I have the below code, using which I can calculate the volume-weighted average price by three lines of Pandas code.
import numpy as np
import pandas as pd
from pandas.io.data import DataReader
import datetime as dt
df = DataReader(['AAPL'], 'yahoo', dt.datetime(2013, 12, 30), dt.datetime(2014, 12, 30))
df['Cum_Vol'] = df['Volume'].cumsum()
df['Cum_Vol_Price'] = (df['Volume'] * (df['High'] + df['Low'] + df['Close'] ) /3).cumsum()
df['VWAP'] = df['Cum_Vol_Price'] / df['Cum_Vol']
I am trying to find a way to code this without using cumsum()
as an exercise.
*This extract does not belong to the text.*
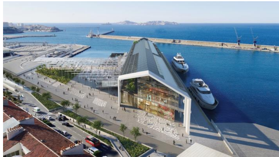
(J1) LA PASSERELLE

I am trying to find a solution which gives the VWAP
column in one pass. I have tried the below line, using .apply()
. The logic is there, but the issue is I am not able to store values in row n in order to use in row (n+1). How do you approach this in pandas
- just use an external tuplet or dictionary for temporary storage of cumulative values?
df['Cum_Vol']= np.nan
df['Cum_Vol_Price'] = np.nan
# calculate running cumulatives by apply - assume df row index is 0 to N
df['Cum_Vol'] = df.apply(lambda x: df.iloc[x.name-1]['Cum_Vol'] + x['Volume'] if int(x.name)>0 else x['Volume'], axis=1)
Is there a one-pass solution to the above problem?
EDIT:
My main motivation is to understand what is happening under the hood. So, it is mainly for exercise than any valid reason. I believe each cumsum on a Series of size N has time complexity N (?). So I was wondering, instead of running two separate cumsum's, can we calculate both in one pass - along the lines of this. Very happy to accept an answer to this - rather than working code.